Instaurada essa estrutura de percepção, o pensador (que é o efeito de suas memórias) segue com seu acúmulo de memórias, surgidas da experiência com o exterior, um campo de memórias em acúmulo. Tudo aqui é memória. Como se pode desejar perceber o real vivo através de um instrumental deste? Mesmo que esteja se manifestando como a mais evidente obviedade, mediante tal processo de pensamento, nada poderia ser visto. A vida passaria pelas costas do pensador, do pensamento e da coisa pensada.

Estando o pensamento condicionado pelo acúmulo de memórias, como poderia ele produzir as ações adequadas e necessárias nas diversas situações se tateia o mundo às cegas, por intermédio do filtro de uma realidade passada? Disso decorrem ações que estão em nítido desacordo com a manutenção harmônica e coordenada da vida.

Mesmo com o acúmulo de milhares de anos, o homem continua a lidar com problemas que já poderia ter aprendido a solucionar, caso esse processo de acúmulo de conhecimento o conduzisse de fato a se posicionar

84 adequadamente (refiro-me a conflitos como as guerras, as aberrantes desigualdades sociais, a ampla presença do medo e da violência, a crescente desvalorização da vida, os ódios de classe, gênero, étnicos, religiosos, políticos, a devastação ecológica, etc.). O que sugerimos aqui, muito pelo contrário, é que justamente esse modo de pensamento, por ter se afastado da Grande Vida, é um dos grandes responsáveis pela perpetuação de toda gama de conflitos, produzindo as condições para toda espécie de insatisfação.

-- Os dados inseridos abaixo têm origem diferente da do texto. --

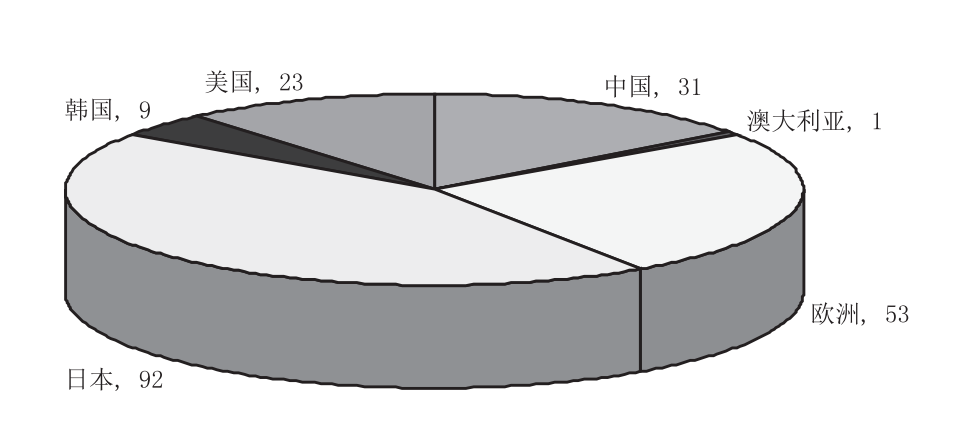 1996 年 1 月 1 日至 2016 年 12 月 1 日,涉及低表面能有機(jī)硅船舶防污涂料技術(shù)的國內(nèi)外專利共有 209 件,圖 1 是各國申請人申請量分布圖,從圖中可以看出, 日本的申請數(shù)量為 92 件,居于首位,其次是歐洲 53 件, 中國 31 件,美國 23 件。
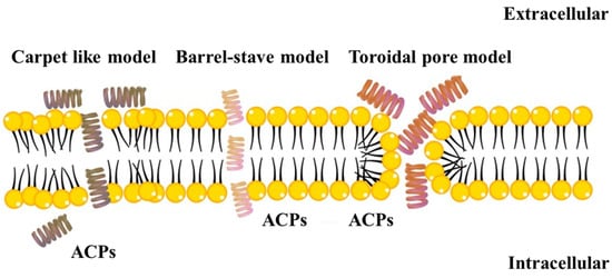 Schematic representation of the most significant models of ACPs action. The yellow circles and the black linkers represent the hydrophilic and hydrophobic regions, respectively, of the phospholipid cell membranes.
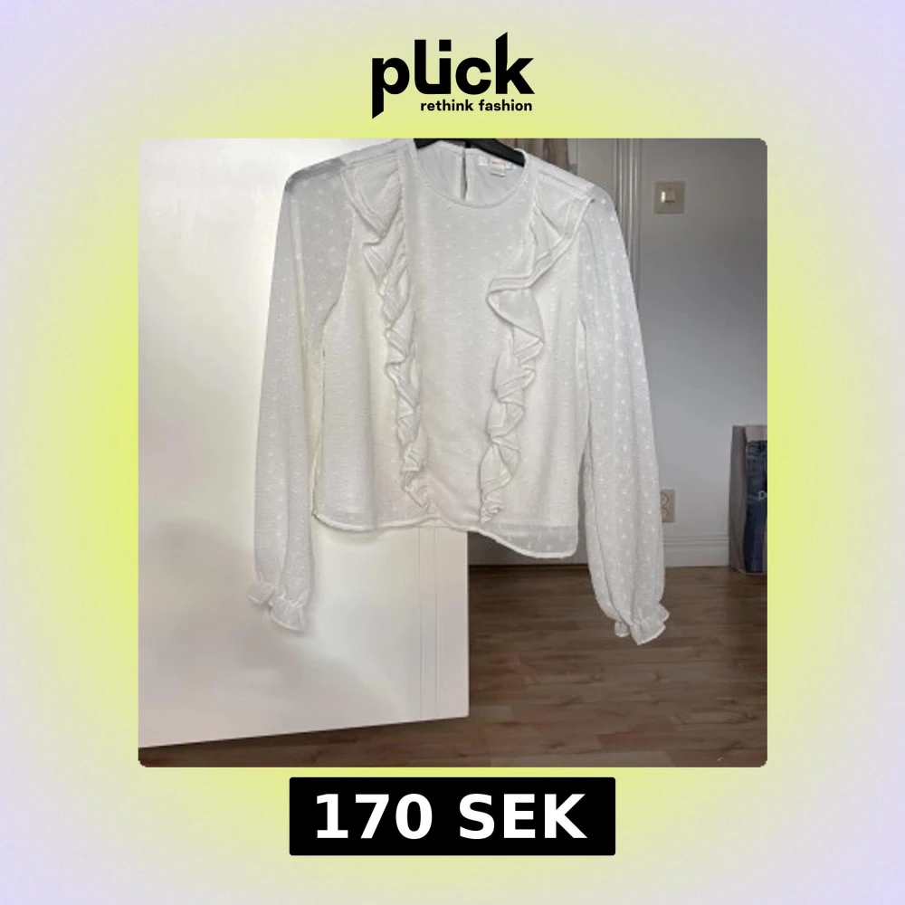 Supersöt vit blus från Gina Tricot med volangdetaljer framtill och diskret prickigt mönster i tyget. Blusen har långa ärmar med resår och liten volang vid ärmslut. Perfekt för dig som gillar romantisk och trendig stil.
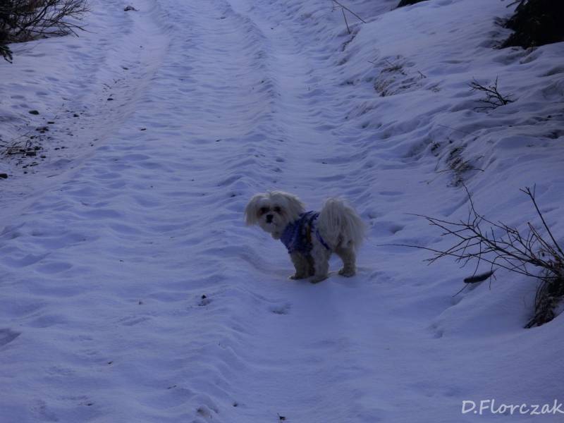 Miłko :kawa każde przebywanie w górach ma swoja magie :kocham jeszcze jak mogę to wszystko przeżywać osobiście to do szczęścia potrzebuję zdrowia i silnej woli aby po mimo dużej odległości w mrozie i pod górę tam dotrzeć.Wczoraj wybrałam się na Mosorny Groń około 13.40.Ubrałam buty zimowe nad kostkę i w żaden sposób nie mogłam przejść przez mały potok :mlotek kamienie zlodowaciały.Nie chcialo mi się wracać do domu po gumowce i ściagać buty.Po ostatnich wiatrach drzewa wiszą nad potokiem że mozna po nich przejść,ale są wąskie i lezą dwa metry nad woda jezeli się poślizgnę to wpadam prosto do wody,do tego nie moglam znależć żadnego patyka aby się nim podeprzeć,z Bożą pomoca jakość przeszłam a z powrotem wracałam wyciągiem,dobrze ze do 16 tylko działa.

Desse modo, é preciso promover uma transformação no pensamento, despertar para uma outra dimensão do exercício pensante. Tudo aquilo que for acúmulo de memória, não deve ser mais condicionante no pensamento, mas o despertar de uma Inteligência incondicionada como o novo vetor de motivação e direcionamento do pensamento. É dar ao pensamento um novo rei, por assim dizer. Retirar do trono o rei Sovina e entregá-lo ao rei do Ilimitado. Para isso, é necessário perceber as atuações do Sovina e ver que sua semente não nasce para o reino da Vida. Em clara evidência, perceber a desilusão, os deploráveis resultados de sua manifestação, a fim de se desencantar do feitiço e compreender a Presença da Inteligência, a Voz do Silêncio, sem nenhum fundo de memória a te dizer. Tua guia será o Aberto, quando aprender a ouvi-lo. Até lá, cabe-te entregar e trabalhar para com ele unir-se. Na medida em que tu diminuis, ele cresce. O pensamento entregue aos direcionamentos dessa Inteligência – e é dela que deve partir o comando, o princípio de teu pensamento – é renovado e o ser ampliado e estendido no ilimitado corpo da Inteligência. Tal como um instrumento musical, o que se passa é que o ser, tendo se direcionado neste sentido, passa a ser afinado, para, posteriormente, poder ser tocado pela Inteligência. Daí, o processo não é distinto do que relatou Lovelock sobre a Inteligência que regula os diversos aspectos para a manutenção harmônica do planeta.